The multi-billion-dollar theme park industry is celebrating its 60th anniversary this year, at a time of continued innovation and accelerating change
When legendary animator Walt Disney opened his first Disneyland park in 1955, he laid the foundations in California of an industry which was to grow into a worldwide phenomenon of competing attractions.
Behind the fun and thrilling rides, there is an army of skilled professionals striving to be the best in a competitive world of entertainment, facing the challenge of increasing customer expectations in a high-tech era of innovation.
We see that the sooner you can get intellectual property to move from screen to a physical environment, the sooner you reap the rewards and the larger those rewards may be
Blockbuster parks cost more than $1 billion to build in a global leisure market where theme park revenues rise above $30 billion a year. According to consultancy firm PwC, theme park revenues worldwide grew 50 per cent from $20.5 billion in 2003 to around $30.7 billion in 2012, with the United States comprising the bulk with $14.5 billion of spending. The US is followed by $8.4 billion in Asia and $6.8 billion in Europe, the Middle East and Africa.
Cost and profits
New openings fuel this growth as they lure guests through the turnstiles. Although the objective isn’t to just get visitors on the rides, but into the gift shops which are usually cunningly located at ride exits so guests have to pass through them.
The costs of running a theme park are huge. The operating expenses of Disney’s parks and resorts alone came to $9.7 billion last year, according to company accounts. Park entry tickets only cover part of the costs, while the margins on food, beverage and merchandise bring in the big money.
Profits are used to invest in new rides which draw in more guests and promote the movie characters they are based on. At the same time, the DVDs and merchandise on sale outside the parks attract guests to them and the marketing cycle begins again.

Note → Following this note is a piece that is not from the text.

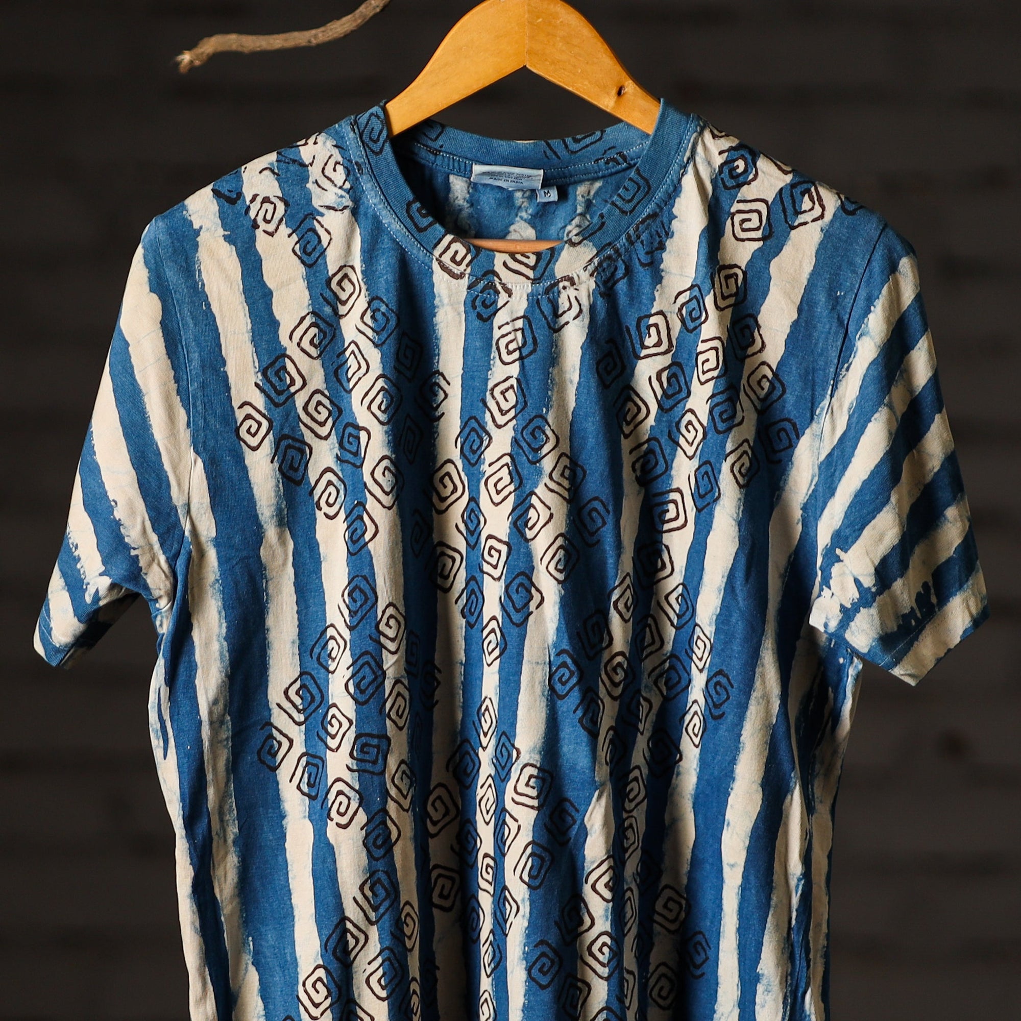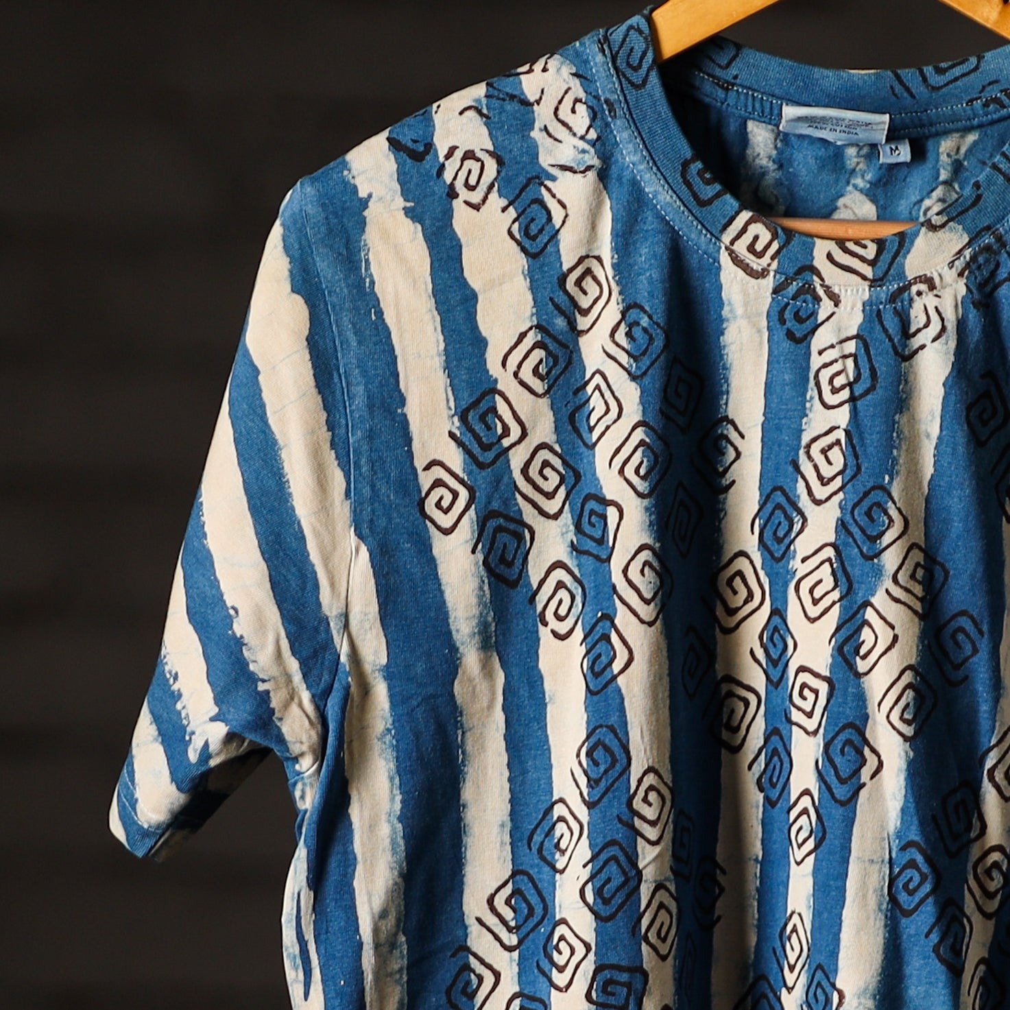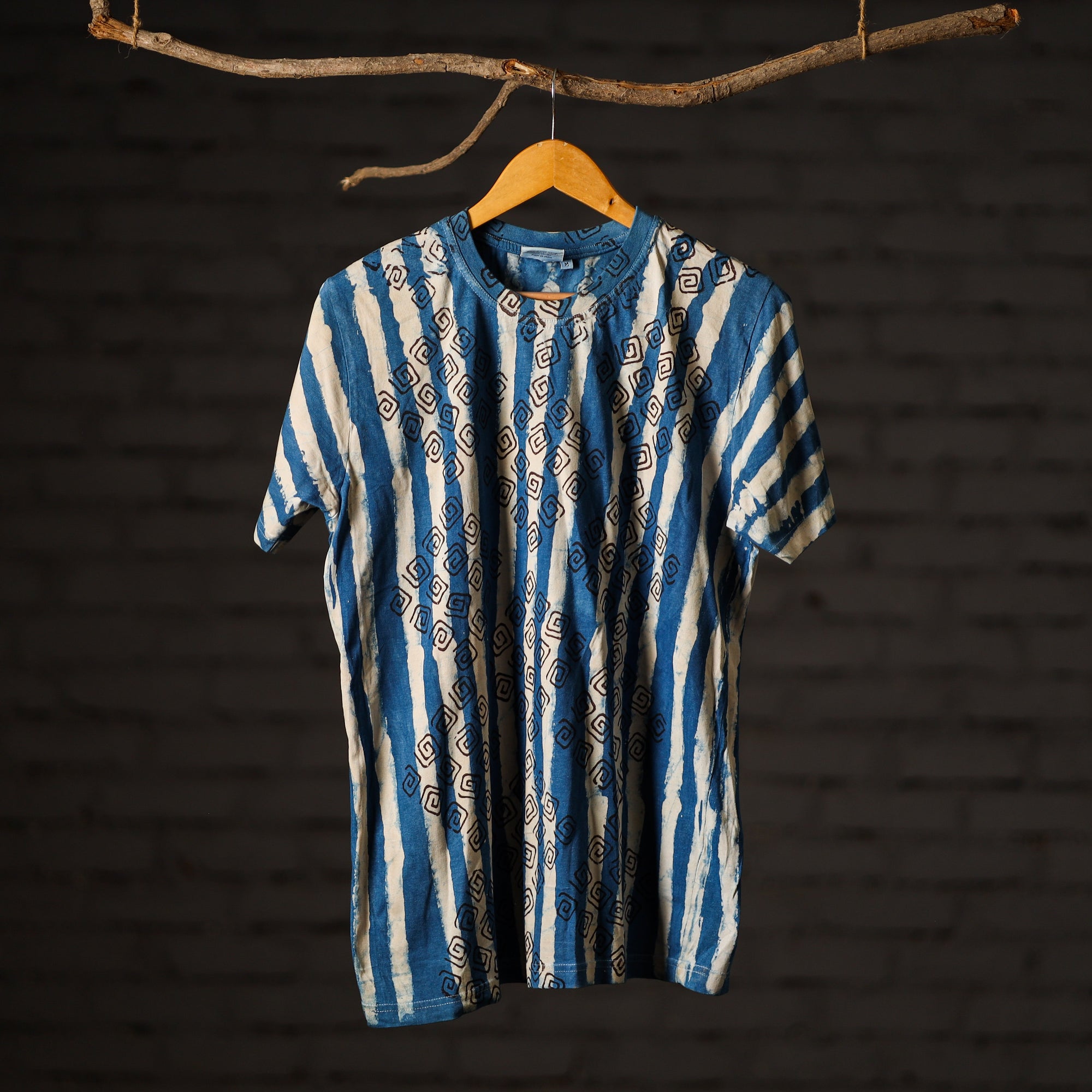 Fine quality pure cotton natural dyed special hand block printed unisex round neck half sleeve t-shirt. Contemporary designs made through traditional processes, by skilled fourth generation textile printers in Rajasthan. This slow fashion, hand block printed cotton shirt brings back the love for traditional skills, with a modern aesthetic and design.

“We see that the sooner you can get intellectual property to move from screen to a physical environment, the sooner you reap the rewards and the larger those rewards may be,” says Brian Sands, economics and planning vice president in the Americas for global infrastructure firm AECOM.

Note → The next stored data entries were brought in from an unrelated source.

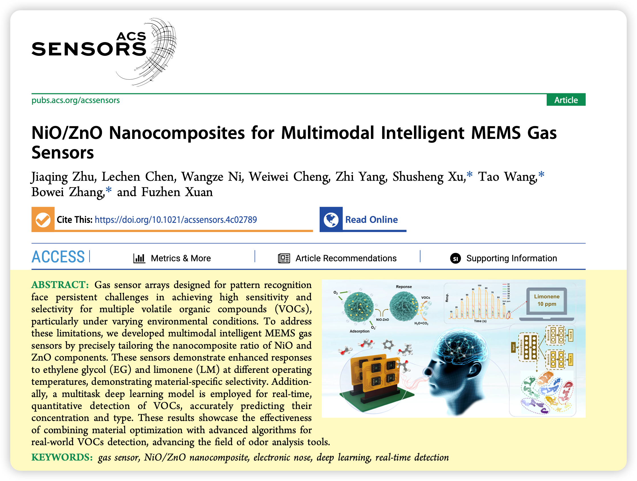近日,304am永利集团官网徐书生博士指导硕士研究生朱佳清在传感器学科国际顶级学术期刊《ACS Sensors》(中科院一区Top,影响因子8.3)上发表了题为“NiO/ZnO Nanocomposites for Multimodal Intelligent MEMS Gas Sensors”的研究论文。徐书生为第一通讯作者,朱佳清为第一作者,华东理工大学的张博威教授和王涛副研究员为本论文的共同通讯作者。
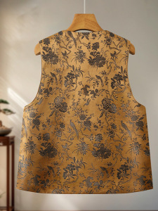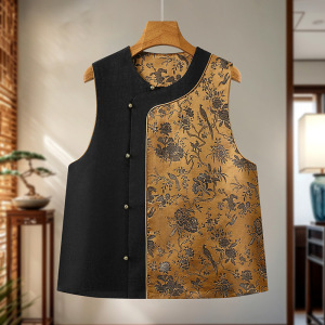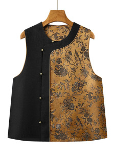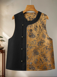 批发一件代发新中式拼色圆领珠扣斜襟坎肩唐装无袖外套马夹高级感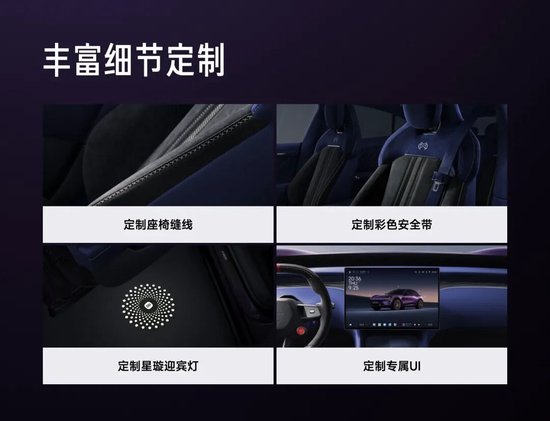 还有各种定制细节,比如定制缝线、定制的迎宾灯、定制彩色安全带等。以及工艺细节,比如刺绣 Logo、门板的专属铭牌等。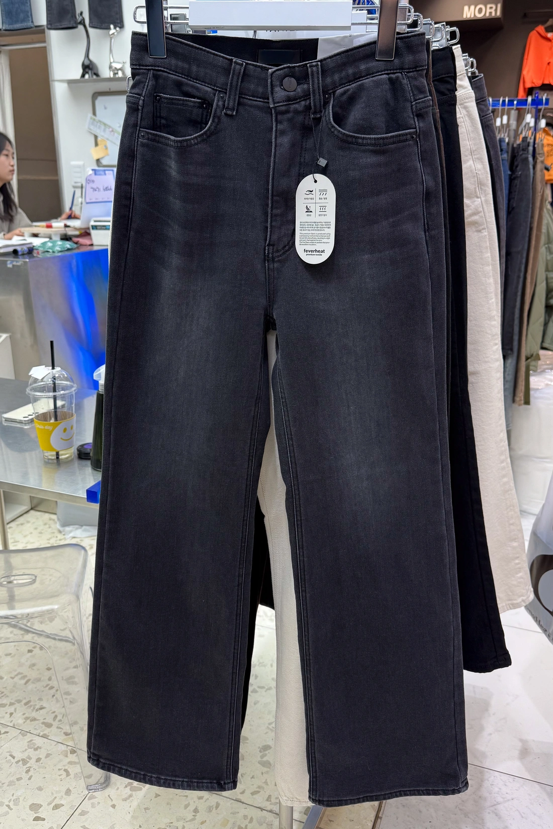 正韓製 好穿到想包色!內磨毛後腰鬆緊牛仔寬褲

Attendance at the top ten theme park groups worldwide rose 5.1 per cent last year to 392 million, according to the Themed Entertainment Association/AECOM 2014 Theme Index. Growth in Asia outpaced that in the US, rising 4.9 per cent compared with 2.2 per cent in North America.
This is partly due to saturation in the US, which already boasts major parks in every corner of the country. You can ride Pirates of the Caribbean in Disney World, battle with robots in Transformers at Universal Studios and get creative at LEGOLAND, all without leaving Orlando.

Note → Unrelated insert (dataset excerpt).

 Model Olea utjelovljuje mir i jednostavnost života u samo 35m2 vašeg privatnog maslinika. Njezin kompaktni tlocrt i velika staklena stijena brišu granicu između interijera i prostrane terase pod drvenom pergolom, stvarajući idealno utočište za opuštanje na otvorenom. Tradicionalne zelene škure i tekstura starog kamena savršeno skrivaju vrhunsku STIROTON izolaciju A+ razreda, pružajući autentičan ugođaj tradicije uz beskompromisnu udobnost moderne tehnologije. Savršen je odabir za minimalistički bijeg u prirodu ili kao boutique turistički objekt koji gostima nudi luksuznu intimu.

It explains why park operators make sure many of their new attractions can be exported internationally. A great deal of the growth in Asia last year came from Universal Studios Japan which got a lift from the opening of a new land themed on the Harry Potter movies. The attractions made their debut at Universal Studios Florida and will also open at the company’s Hollywood site next year.
Harry Potter boosted attendance at Universal Studios Japan by 16.8 per cent to 11.8 million in 2014, making it the world’s fifth most-visited theme park. However, it is still dwarfed by Disney, operator of all the other nine parks in the top ten attendance ranking, which is crowned by the Magic Kingdom, the fairy tale-themed flagship of Disney World in Orlando.
“Driving this were the renovation and significant expansion of the Magic Kingdom’s Fantasyland,” says AECOM’s Mr Sands. “This investment built strongly on Disney’s traditional focus on families with young children, leveraging recent movie and DVD releases.”
A similar trend has been seen at Disneyland Paris which is Europe’s most-visited theme park. Attendance there has grown by two million from 2004 to 2014 when its results showed visitor numbers hit 14.9 million, following the launch of a new ride themed on the Oscar-winning movie Ratatouille.
Cementing Disney’s status as the world’s most-attended theme park operator, Magic Kingdom in Disney World pulled in 4 per cent more visitors last year giving a total of 19.3 million. Its visitor numbers increased 1.3 per cent in 2014 to 134.3 million. This is more than double Disney’s closest rival, Merlin Entertainments at 62.8million, followed by Universal at 40.2 million.
However, a new challenger may be on the horizon. Recent research from PwC forecasts that theme park revenues in the United Arab Emirates will rise 78 per cent to $837 million by 2019 with the region becoming a serious competitor to Orlando by 2021. PwC predicts the growth will come from the Dubai Parks & Resorts project which is due to open next year, and includes LEGOLAND Dubai, the movie-themed Motiongate Dubai and Bollywood Parks Dubai. They are expected to generate $653 million in revenue in their first year and create 5,000 new jobs.
According to AECOM, none of the top 25 best-attended parks are in the UAE so there is a lot of ground to make up. “Globally, theme parks in Europe, the Far East and the US, Orlando in particular, dominate the market,” says Philip Shepherd, Middle East hospitality and leisure leader at PwC. “However, theme parks in the UAE have the potential to see over 18 million visits by 2021.” Time will tell whether this fairy tale comes true.